2025-11-12 Papers

1/2

Paper 1

IterResearch: Rethinking Long-Horizon Agents via Markovian State Reconstruction

Published: 2025-11-10

Link: http://arxiv.org/pdf/2511.07327

1. 📘 Topic and Domain: The paper presents IterResearch, a novel paradigm for long-horizon deep research agents that can autonomously gather and synthesize information through iterative exploration in the domain of AI agents and information seeking.

2. 💡 Previous Research and New Ideas: Based on previous mono-contextual deep research approaches that accumulate all information in a single expanding context window, this paper proposes a new iterative paradigm that reconstructs the workspace after each interaction to maintain consistent reasoning capacity.

3. ❓ Problem: The paper aims to solve the limitations of existing deep research agents that suffer from context suffocation and noise contamination when handling long-horizon tasks requiring extensive information gathering and synthesis.

4. 🛠️ Methods: The authors reformulate long-horizon research as a Markov Decision Process with strategic workspace reconstruction and develop Efficiency-Aware Policy Optimization with geometric reward discounting for training.

5. 📊 Results and Evaluation: The approach achieved an average 14.5 percentage point improvement across six benchmarks compared to existing open-source agents, demonstrated unprecedented scaling to 2048 interactions, and improved frontier models by up to 19.2pp when used as a prompting strategy.

IterResearch: Rethinking Long-Horizon Agents via Markovian State Reconstruction

1/2

Paper 2

Wasm: A Pipeline for Constructing Structured Arabic Interleaved Multimodal Corpora

Published: 2025-11-10

Link: http://arxiv.org/pdf/2511.07080

1. 📘 Topic and Domain: Development of Wasm, a data processing pipeline for creating structured Arabic multimodal corpora from web content, in the domain of natural language processing and multimodal machine learning.

2. 💡 Previous Research and New Ideas: Based on OBELICS framework for multimodal data processing, introducing new Arabic-specific adaptations and structural preservation techniques in Markdown format while maintaining document hierarchy.

3. ❓ Problem: The lack of high-quality Arabic multimodal datasets that preserve document structure, which limits the development of Arabic language models and multimodal models.

4. 🛠️ Methods: Implements a multi-stage pipeline including metadata extraction, HTML processing, content structuring, and quality filtering with Arabic-specific adjustments to perplexity modeling and node-level deduplication.

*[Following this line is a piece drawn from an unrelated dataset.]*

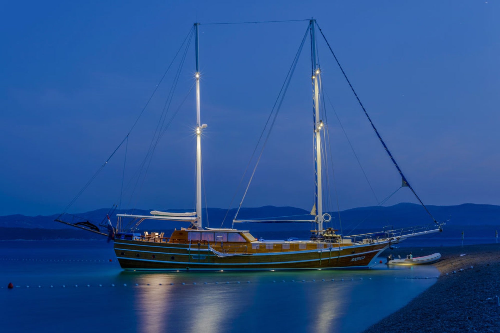 If you are looking to experience the beauty of the Adriatic sea on a modern, traditional gulet, then gulet Andjeo is the right gulet for you. It is a boat full of surprises. On the outside, it seems like a beautiful, well maintained gulet. However, once you see the interior, you will be convinced that you are standing in a top class modern yacht. One of the best maintained gulet on the Adriatic is newly refitted in 2009 and offers crew flexibility and will meet anyones standards and way of travel.

5. 📊 Results and Evaluation: Produced a flexible framework that successfully preserves both text and visual content structure, with comparative analysis showing improved filtering performance over existing approaches, though specific quantitative results were not extensively detailed.

Wasm: A Pipeline for Constructing Structured Arabic Interleaved Multimodal Corpora

1/2

Paper 3

Tiny Model, Big Logic: Diversity-Driven Optimization Elicits Large-Model Reasoning Ability in VibeThinker-1.5B

Published: 2025-11-08

Link: http://arxiv.org/pdf/2511.06221

1. 📘 Topic and Domain: Development of VibeThinker-1.5B, a small language model for logical reasoning in mathematics and coding, challenging the assumption that large models are necessary for strong reasoning capabilities.

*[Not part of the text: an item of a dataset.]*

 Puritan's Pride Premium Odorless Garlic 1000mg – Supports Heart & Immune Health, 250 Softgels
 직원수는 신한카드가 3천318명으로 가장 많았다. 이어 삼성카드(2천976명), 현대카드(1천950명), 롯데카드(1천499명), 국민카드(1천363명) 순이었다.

2. 💡 Previous Research and New Ideas: Based on OpenAI's o1 model's reasoning paradigm and various large language models, proposing a novel "Spectrum-to-Signal Principle" that enables small models to achieve comparable reasoning abilities to larger models.

3. ❓ Problem: Addressing the industry assumption that scaling model parameters is essential for enhancing logical reasoning capabilities, aiming to achieve comparable performance with a much smaller and cost-effective model.

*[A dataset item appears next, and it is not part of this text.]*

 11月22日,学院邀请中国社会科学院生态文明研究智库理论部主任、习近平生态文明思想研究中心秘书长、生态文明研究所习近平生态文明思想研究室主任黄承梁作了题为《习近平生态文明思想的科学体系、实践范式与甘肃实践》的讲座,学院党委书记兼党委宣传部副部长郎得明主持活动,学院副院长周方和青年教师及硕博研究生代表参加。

4. 🛠️ Methods: Implemented a two-stage approach: "Two-Stage Diversity-Exploring Distillation" for SFT phase to generate diverse solutions, followed by "MaxEnt-Guided Policy Optimization" for RL phase to amplify correct reasoning paths.

5. 📊 Results and Evaluation: VibeThinker-1.5B outperformed larger models on mathematical benchmarks (AIME24: 80.3, AIME25: 74.4, HMMT25: 50.4) and coding tasks (LiveCodeBench V6: 51.1), surpassing models 400 times larger while costing only $7,800 to train.